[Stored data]
▶

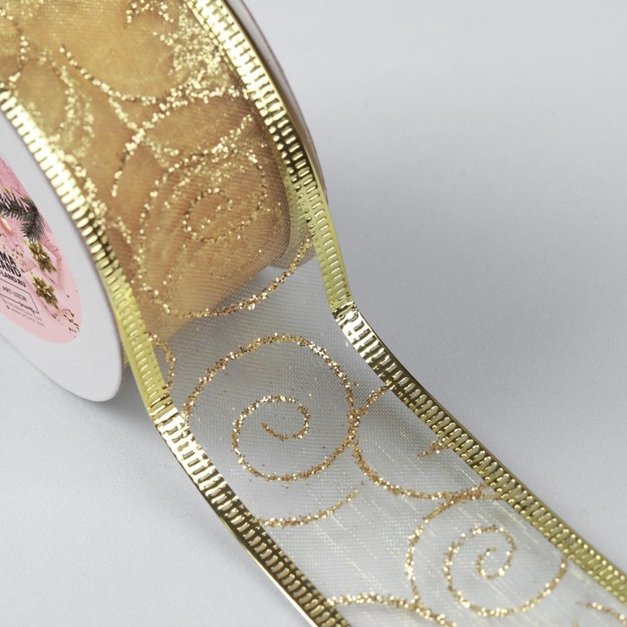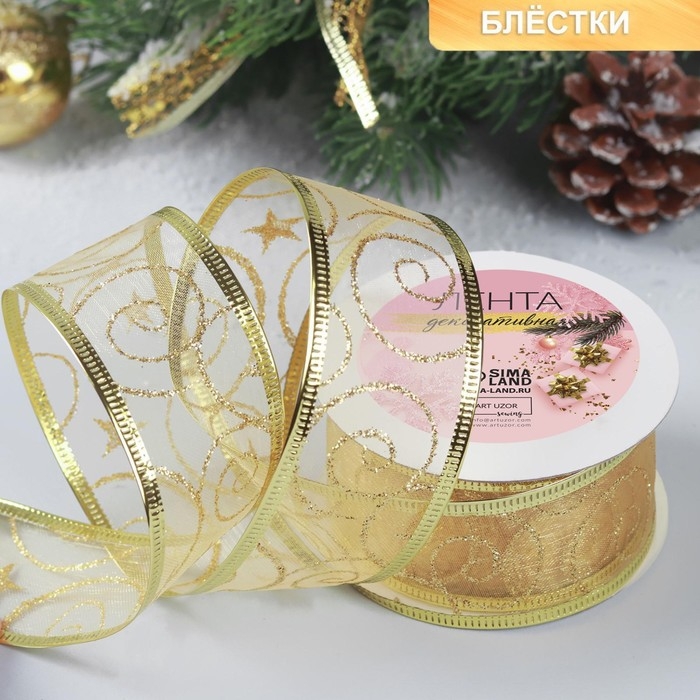 Новый год! Лента капроновая с металлической нитью «Вензеля», 38 мм × 2,7 ± 0,5 м, цвет золотой
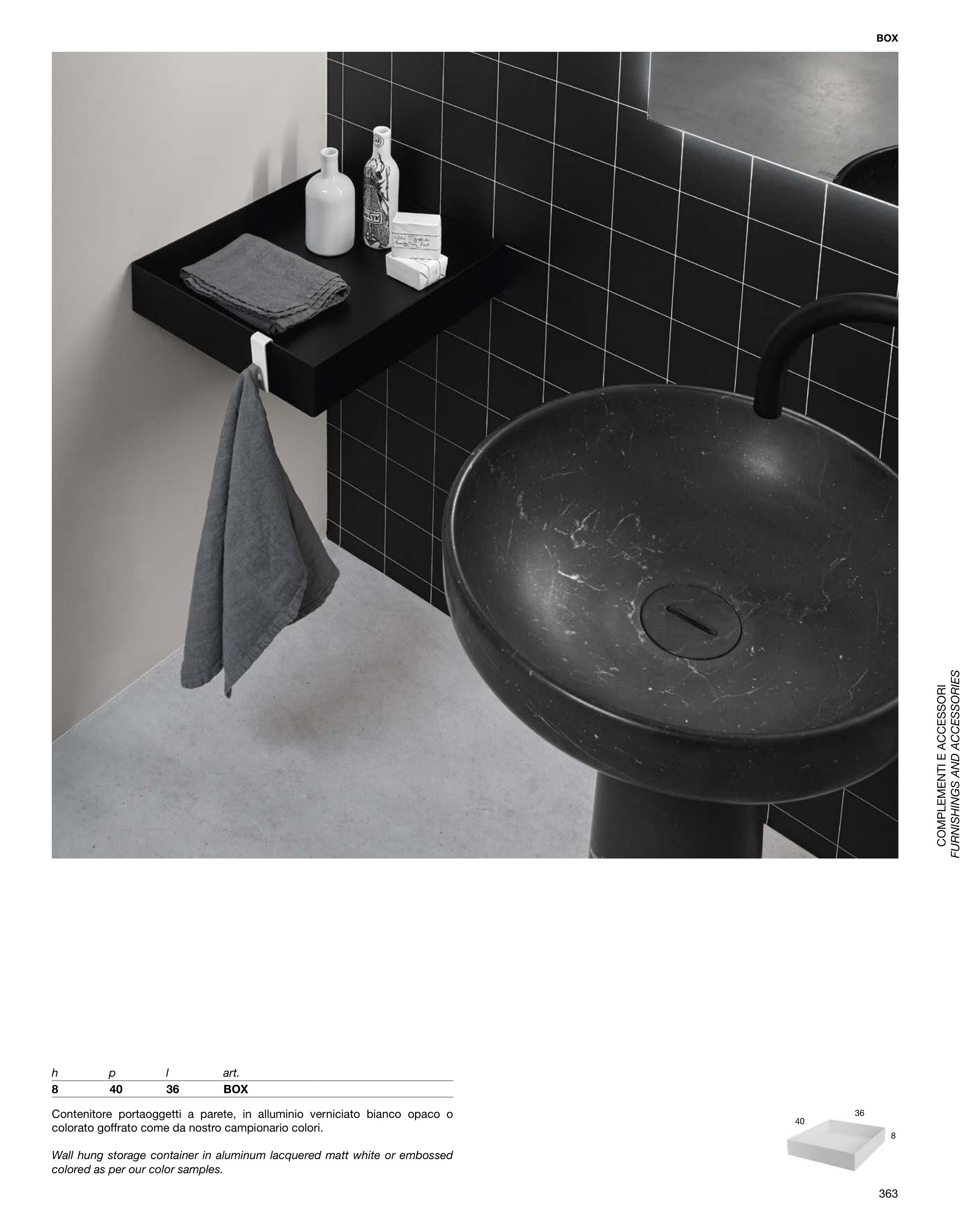 Wall hung storage container in aluminum lacquered matt white or embossed
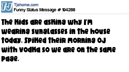 X says The kids are asking why I'm wearing sunglasses in the house today. Spiked their morning OJ with vodka so we are on the same page.
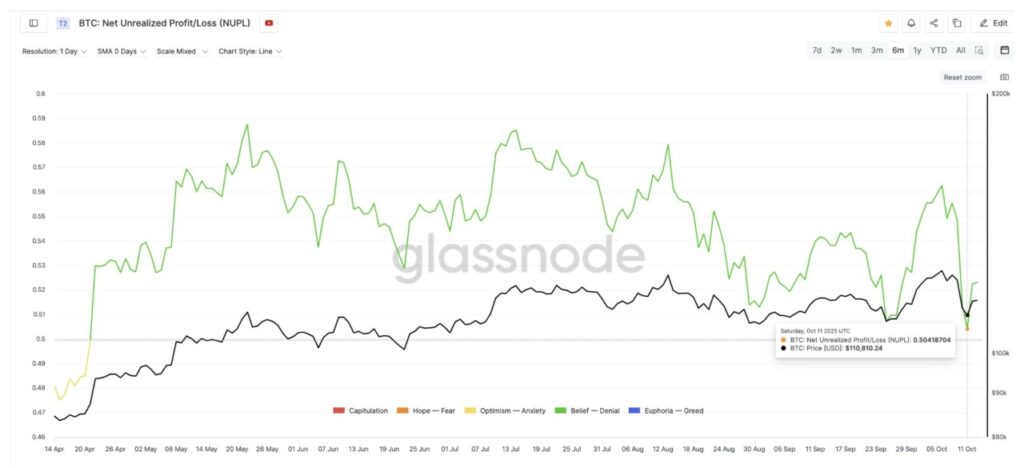 Salah satu metrik penting, Net Unrealized Profit/Loss (NUPL) — yang mengukur apakah investor sedang mencatat keuntungan atau kerugian di atas kertas — turun ke level 0,50 pada 11 Oktober, terendah sejak April. Ini menunjukkan bahwa sebagian besar trader telah “menyerap” kerugiannya, yang sering kali menjadi tanda bahwa fase penjualan mulai mereda.
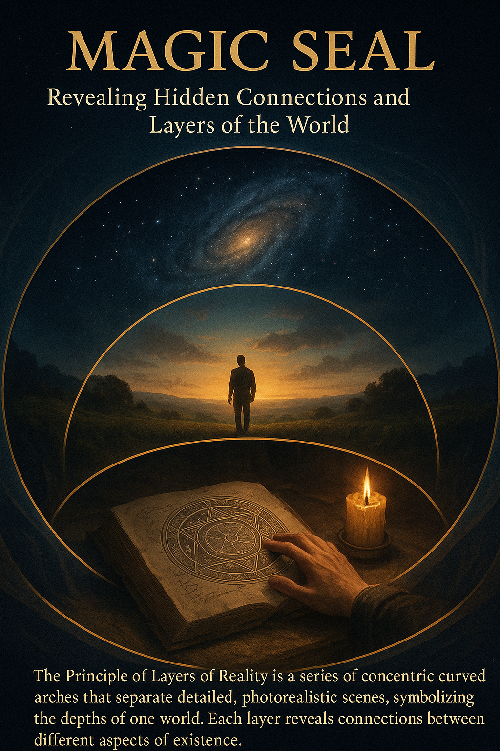 /Collection: /by davooda/Type: PNG/An artistic representation of concentric layers symbolizing the hidden connections within the world. Features a hand reaching towards a cosmic scene, with detailed, photorealistic elements.
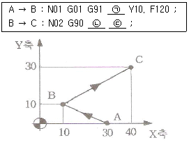 다음 그림의 A→B→C 이동지령 머시닝센터 프로그램에서 (ㄱ), (ㄴ), (ㄷ)에 들어갈 내용으로 옳은 것은?
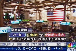 米証券取引委員会(SEC)のコックス委員長は24日、金融大手19社の株を対象とした空売り規制について、全銘柄への拡大を近く提案する方針を明らかにした。 同委員長は下院金融委員会で証言し、空売り規制を市場全体に拡大することを検討しているとし「間もなく提案を行う」と述べた。 また記者団に対し、大規模な空売りポジションの報告義務付けなど、新たな空売り規制を検討していることを明らかにした。 興味のある方は、"つづきはこちらです"をクリック!
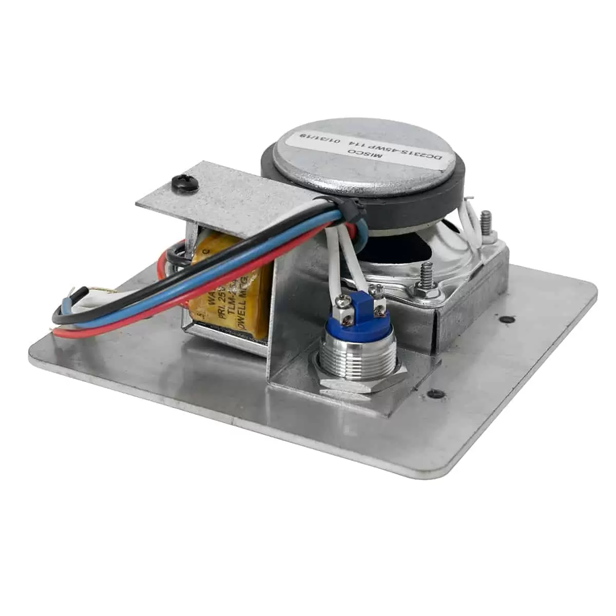 The vandal-resistant intercom station with call switch shall be Lowell model VRIC-2G-4525, which shall feature a 45ohm speaker with 25V transformer and a 2-gang wall plate, 11-gauge stainless steel with brushed finish. It shall include vandal-resistant screws and driver bit. The intercom station shall also feature a push button call switch, which shall be a SPST normally open momentary switch.
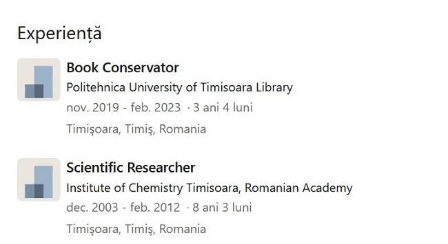 Am găsit, pe site-ul Bibliotecii Naționale a României, două anunțuri de concurs pentru posturi de conservator carte, la intervale diferite de timp: pentru unul dintre ele se cereau studii superioare în arheologie/conservare/muzeologie, iar pentru celălalt, care presupunea “atribuții de investigații fizico-chimice și biologice în cadrul Serviciului Conservarea și Restaurarea Documentelor”, se cereau studii superioare într-unul din domeniile biologie, chimie sau biochimie. Nici vorbă de studii exclusiv în domeniul inginerie chimică, bașca master în inginerie chimică!

◀

- What the task requires:
Your reply should restate every entry exactly, with the pictures left out.

- Written solution:
 Новый год! Лента капроновая с металлической нитью «Вензеля», 38 мм × 2,7 ± 0,5 м, цвет золотой
 Wall hung storage container in aluminum lacquered matt white or embossed
 X says The kids are asking why I'm wearing sunglasses in the house today. Spiked their morning OJ with vodka so we are on the same page.
 Salah satu metrik penting, Net Unrealized Profit/Loss (NUPL) — yang mengukur apakah investor sedang mencatat keuntungan atau kerugian di atas kertas — turun ke level 0,50 pada 11 Oktober, terendah sejak April. Ini menunjukkan bahwa sebagian besar trader telah “menyerap” kerugiannya, yang sering kali menjadi tanda bahwa fase penjualan mulai mereda.
 /Collection: /by davooda/Type: PNG/An artistic representation of concentric layers symbolizing the hidden connections within the world. Features a hand reaching towards a cosmic scene, with detailed, photorealistic elements.
 다음 그림의 A→B→C 이동지령 머시닝센터 프로그램에서 (ㄱ), (ㄴ), (ㄷ)에 들어갈 내용으로 옳은 것은?
 米証券取引委員会(SEC)のコックス委員長は24日、金融大手19社の株を対象とした空売り規制について、全銘柄への拡大を近く提案する方針を明らかにした。 同委員長は下院金融委員会で証言し、空売り規制を市場全体に拡大することを検討しているとし「間もなく提案を行う」と述べた。 また記者団に対し、大規模な空売りポジションの報告義務付けなど、新たな空売り規制を検討していることを明らかにした。 興味のある方は、"つづきはこちらです"をクリック!
 The vandal-resistant intercom station with call switch shall be Lowell model VRIC-2G-4525, which shall feature a 45ohm speaker with 25V transformer and a 2-gang wall plate, 11-gauge stainless steel with brushed finish. It shall include vandal-resistant screws and driver bit. The intercom station shall also feature a push button call switch, which shall be a SPST normally open momentary switch.
 Am găsit, pe site-ul Bibliotecii Naționale a României, două anunțuri de concurs pentru posturi de conservator carte, la intervale diferite de timp: pentru unul dintre ele se cereau studii superioare în arheologie/conservare/muzeologie, iar pentru celălalt, care presupunea “atribuții de investigații fizico-chimice și biologice în cadrul Serviciului Conservarea și Restaurarea Documentelor”, se cereau studii superioare într-unul din domeniile biologie, chimie sau biochimie. Nici vorbă de studii exclusiv în domeniul inginerie chimică, bașca master în inginerie chimică!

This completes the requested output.